== ACTIVITY ==
Repeat everything in the listing exactly, except for the images.

== RECORDED INFORMATION ==
========================
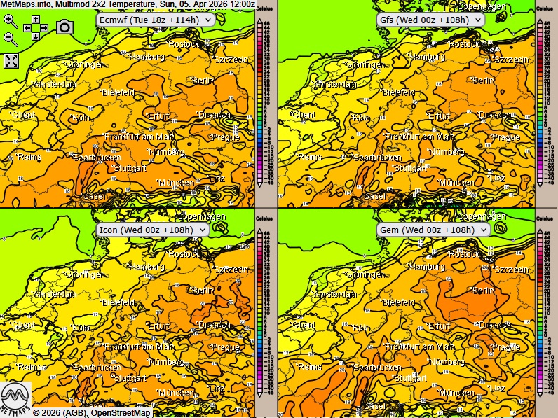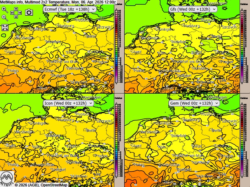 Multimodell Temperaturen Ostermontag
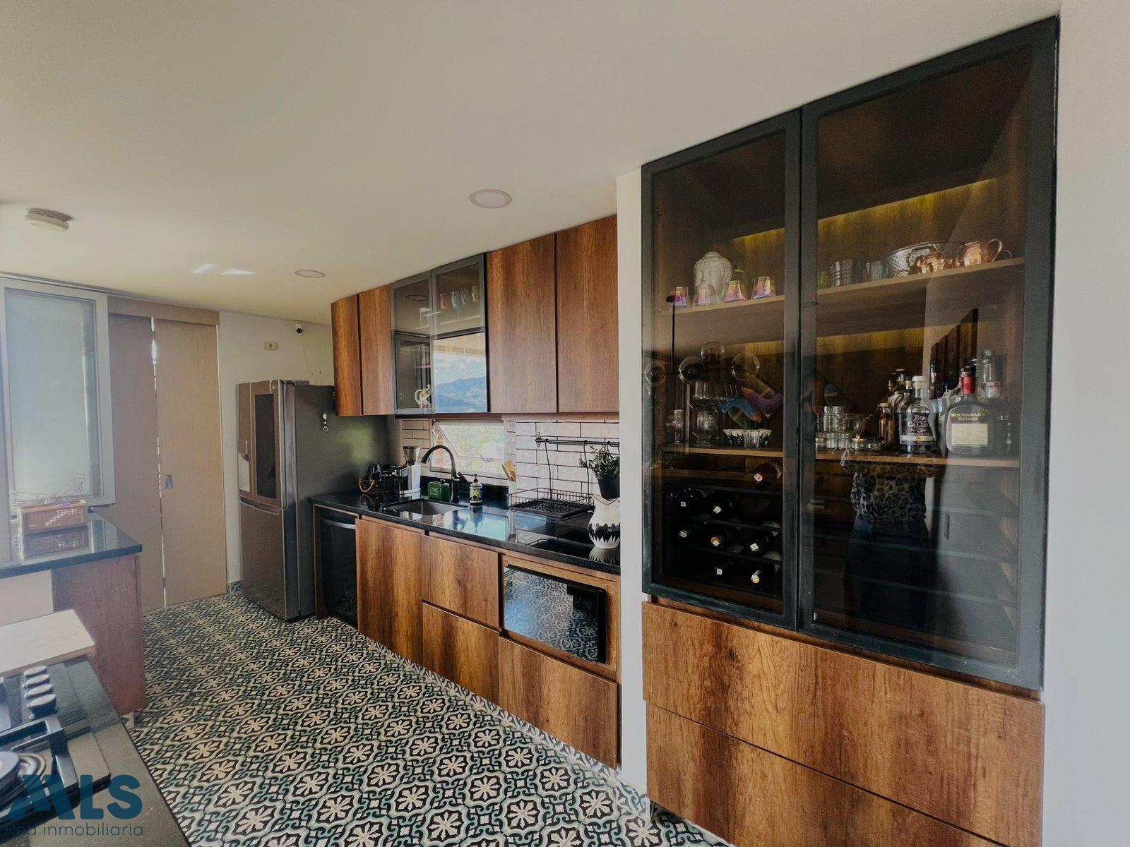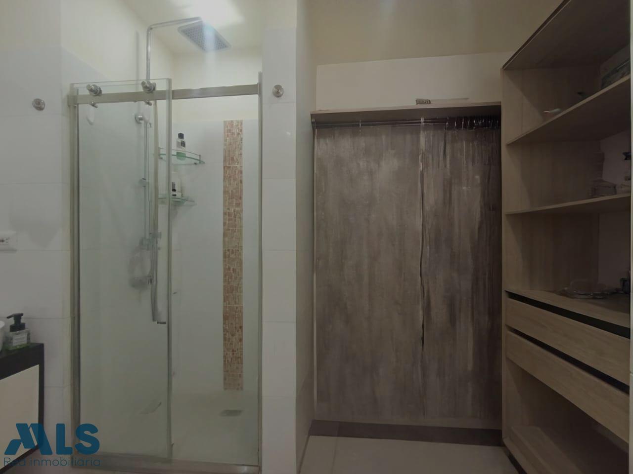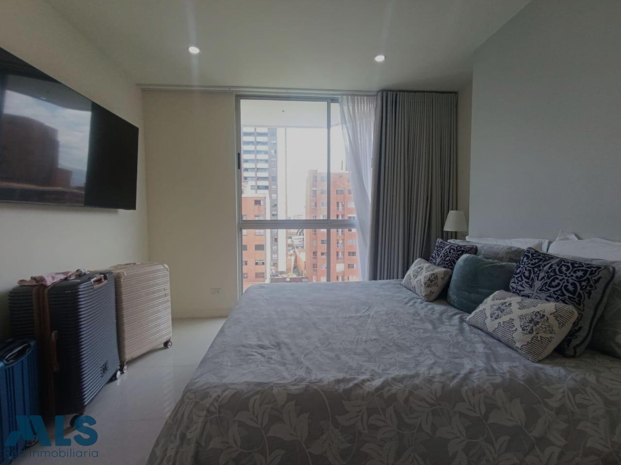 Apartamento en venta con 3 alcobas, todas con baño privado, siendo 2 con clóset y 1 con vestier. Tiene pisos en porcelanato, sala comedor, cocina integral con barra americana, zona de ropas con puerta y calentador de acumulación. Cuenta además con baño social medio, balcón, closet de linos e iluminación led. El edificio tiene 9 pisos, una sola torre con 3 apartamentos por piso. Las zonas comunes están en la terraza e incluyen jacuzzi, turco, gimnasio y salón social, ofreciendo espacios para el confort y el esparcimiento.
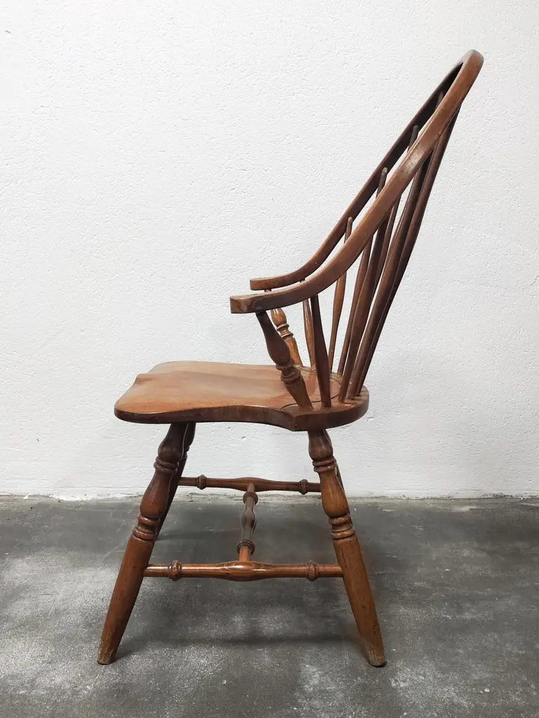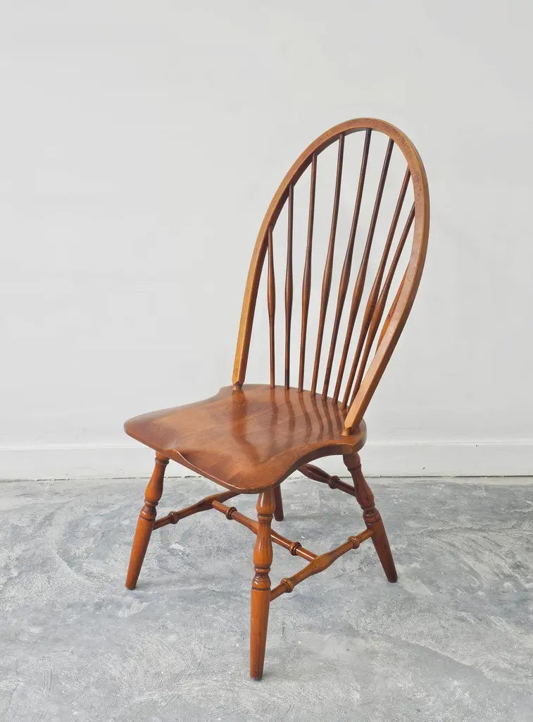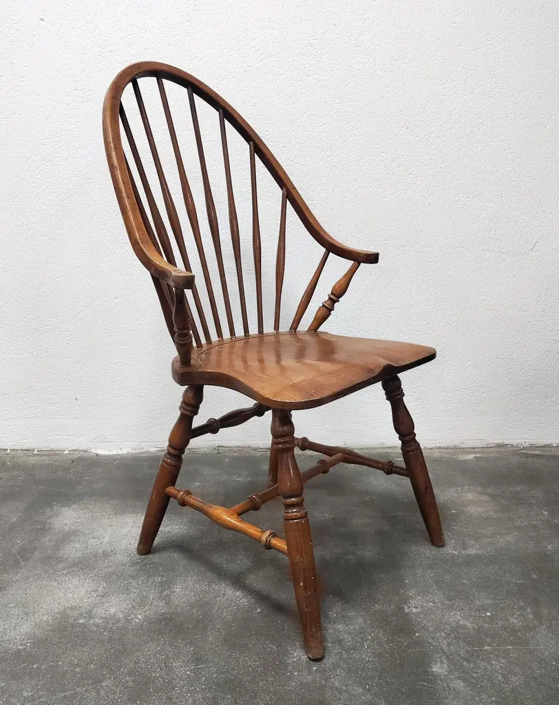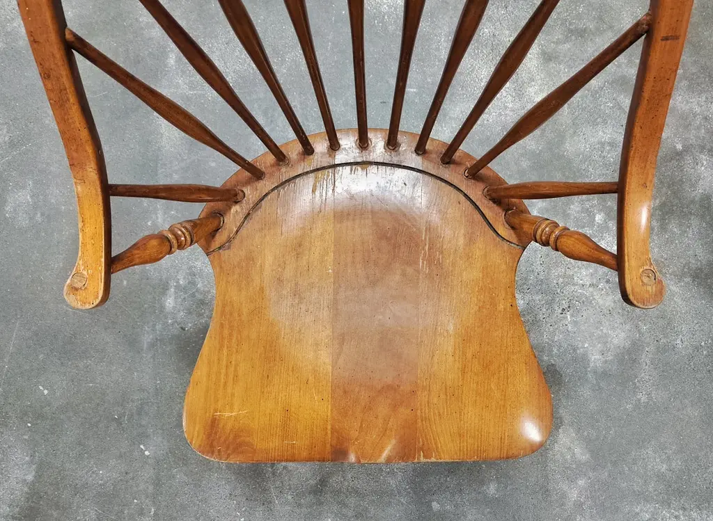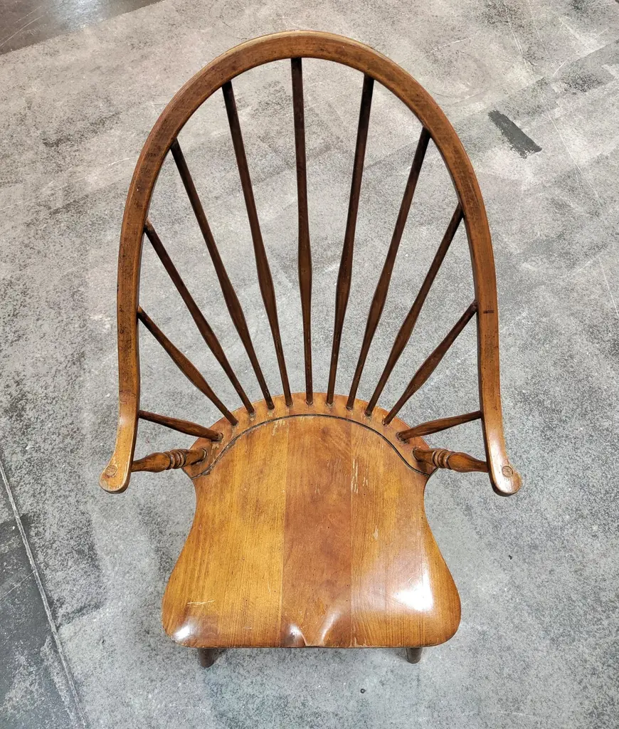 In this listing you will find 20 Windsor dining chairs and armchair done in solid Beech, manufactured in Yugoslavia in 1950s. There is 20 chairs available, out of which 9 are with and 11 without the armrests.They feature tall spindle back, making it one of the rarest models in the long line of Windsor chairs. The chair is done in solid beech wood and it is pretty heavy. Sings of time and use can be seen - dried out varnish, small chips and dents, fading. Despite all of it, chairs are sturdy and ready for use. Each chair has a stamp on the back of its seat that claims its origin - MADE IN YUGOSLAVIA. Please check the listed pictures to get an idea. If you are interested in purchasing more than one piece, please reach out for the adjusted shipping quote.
========================
== REPLY ==
 Multimodell Temperaturen Ostermontag
 Apartamento en venta con 3 alcobas, todas con baño privado, siendo 2 con clóset y 1 con vestier. Tiene pisos en porcelanato, sala comedor, cocina integral con barra americana, zona de ropas con puerta y calentador de acumulación. Cuenta además con baño social medio, balcón, closet de linos e iluminación led. El edificio tiene 9 pisos, una sola torre con 3 apartamentos por piso. Las zonas comunes están en la terraza e incluyen jacuzzi, turco, gimnasio y salón social, ofreciendo espacios para el confort y el esparcimiento.
 In this listing you will find 20 Windsor dining chairs and armchair done in solid Beech, manufactured in Yugoslavia in 1950s. There is 20 chairs available, out of which 9 are with and 11 without the armrests.They feature tall spindle back, making it one of the rarest models in the long line of Windsor chairs. The chair is done in solid beech wood and it is pretty heavy. Sings of time and use can be seen - dried out varnish, small chips and dents, fading. Despite all of it, chairs are sturdy and ready for use. Each chair has a stamp on the back of its seat that claims its origin - MADE IN YUGOSLAVIA. Please check the listed pictures to get an idea. If you are interested in purchasing more than one piece, please reach out for the adjusted shipping quote.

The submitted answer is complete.